> _Listed entries_
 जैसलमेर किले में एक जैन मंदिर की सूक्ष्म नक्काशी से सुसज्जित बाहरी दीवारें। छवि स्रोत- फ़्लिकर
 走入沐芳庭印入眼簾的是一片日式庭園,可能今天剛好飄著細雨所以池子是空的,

--

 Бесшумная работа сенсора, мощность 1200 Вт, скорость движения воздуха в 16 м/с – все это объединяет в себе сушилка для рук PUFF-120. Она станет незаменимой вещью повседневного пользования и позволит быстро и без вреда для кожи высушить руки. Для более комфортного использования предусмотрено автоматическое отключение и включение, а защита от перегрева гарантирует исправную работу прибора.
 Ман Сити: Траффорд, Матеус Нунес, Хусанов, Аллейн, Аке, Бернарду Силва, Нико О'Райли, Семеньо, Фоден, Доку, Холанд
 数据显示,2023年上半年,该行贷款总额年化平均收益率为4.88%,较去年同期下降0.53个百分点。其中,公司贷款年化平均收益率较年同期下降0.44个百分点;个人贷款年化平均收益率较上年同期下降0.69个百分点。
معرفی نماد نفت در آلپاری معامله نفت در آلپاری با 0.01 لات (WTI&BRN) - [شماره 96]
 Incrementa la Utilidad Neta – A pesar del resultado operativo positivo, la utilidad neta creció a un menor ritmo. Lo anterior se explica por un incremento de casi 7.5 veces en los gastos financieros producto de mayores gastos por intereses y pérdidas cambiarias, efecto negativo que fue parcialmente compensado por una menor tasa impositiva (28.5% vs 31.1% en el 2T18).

> _Activity_
Extract from the listing above the lines between the line containing "معرفی نماد نفت" and the line containing "Incrementa la Utilidad", keeping both of those lines. Output nothing else.

> _Response to this task_
معرفی نماد نفت در آلپاری معامله نفت در آلپاری با 0.01 لات (WTI&BRN) - [شماره 96]
 Incrementa la Utilidad Neta – A pesar del resultado operativo positivo, la utilidad neta creció a un menor ritmo. Lo anterior se explica por un incremento de casi 7.5 veces en los gastos financieros producto de mayores gastos por intereses y pérdidas cambiarias, efecto negativo que fue parcialmente compensado por una menor tasa impositiva (28.5% vs 31.1% en el 2T18).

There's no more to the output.